Log-likelihood value:                   -2316.3554
Number of subjects:                            160
Number of parameters:         Fixed      Optimized
                                  0              4
Observation records:         Active        Missing
    painord:                   1920              0
    Total:                     1920              0

-------------------
          Estimate
-------------------
b₁         2.5112
b₂         2.1951
b₃         1.9643
slope     -0.38871
-------------------

Missing Values in Covariates

The way that Pumas handles missing values inside covariates depends on whether the covariate is constant or time-varying. For both cases Pumas will interpolate the available values to fill in the missing values. If, for any subject, all the covariate's values are missing, Pumas will throw an error while parsing the data with read_pumas.

For both missing constant and time-varying covariates, Pumas, by default, does piece-wise constant interpolation with "next observation carried backward" (NOCB, NONMEM default). Of course for constant covariates the interpolated values over the missing values will be constant values. This can be adjusted with the covariates_direction keyword argument of read_pumas. The default value :right is NOCB and :left is "last observation carried forward" (LOCF, Monolix default).

⚠️ Warning

NONMEM default interpolation can be unintuitive. Imagine a covariate is observed at times [0,1,2,3] and has values [1,2,3,4] then the default interpolation (:right) would interpolate as follows:

time	value
[0]	1
(0,1]	2
(1,2]	3
(2,3]	4

Hence, if your covariate is indicating a shift in occasion you probably did not mean for it to change like that, you wanted it to be constant until you see an updated value - and to be honest that's what I want for all covariates.

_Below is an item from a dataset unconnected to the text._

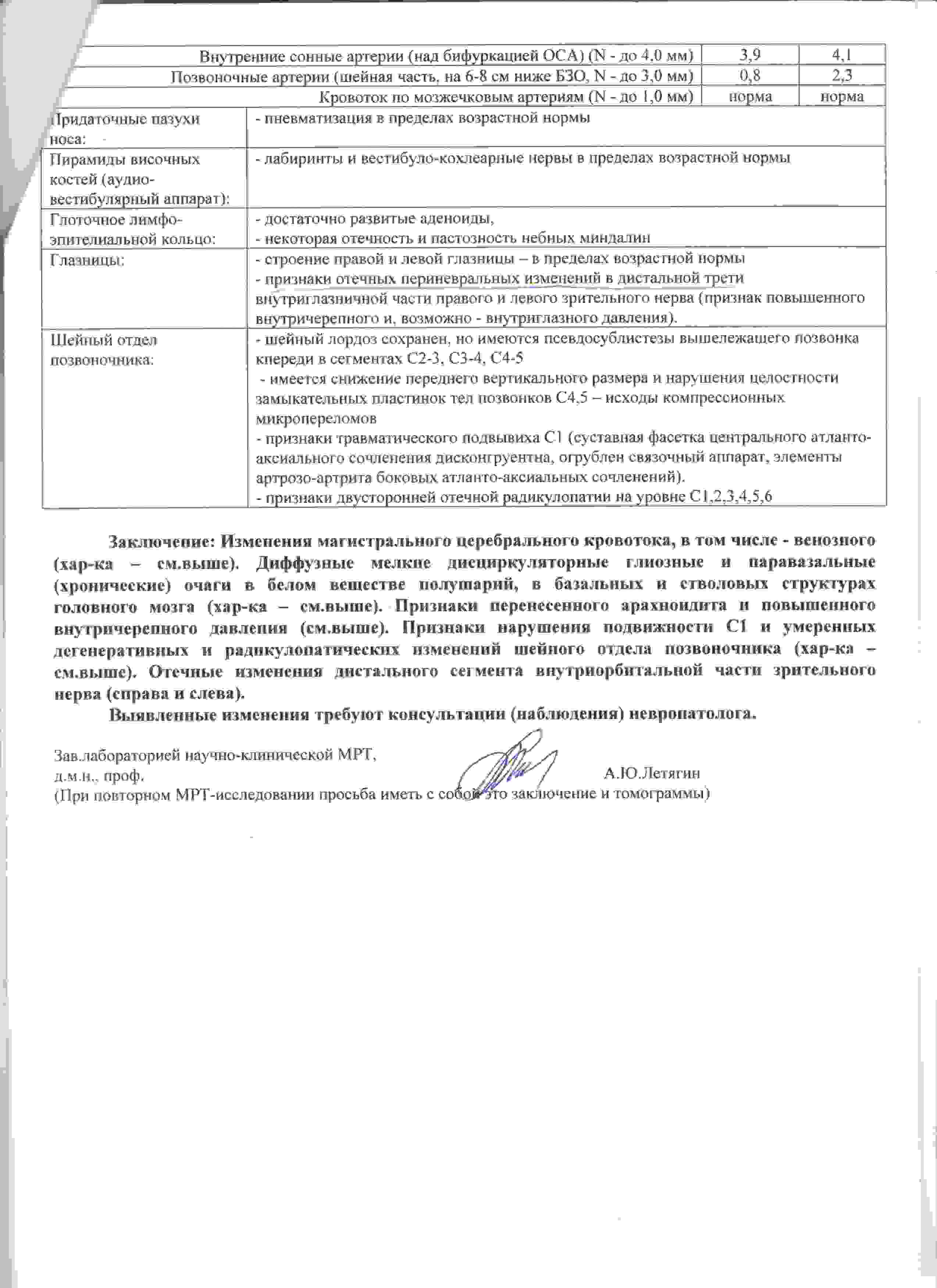 Здравствуйте! Оцените, пожалуйста, результаты МРТ спины, шеи и головы.

For example, at time = 0.5 the covariate value is 2, but since the value was set to 1 at time 0 and 2 only at time 1, you probably would expect the value to be 1 (first occasion for example).

Hence, for LOCF, you can use the following:

pop = read_pumas(pkdata; covariates_direction = :left)

along with any other required keyword arguments for column mapping.

Note

The same behavior for covariates_direction applies to time-varying covariates during the interpolation in the ODE solver. They will also be piece-wise constant interpolated following either NOCB or LOCF depending on the covariates_direction value.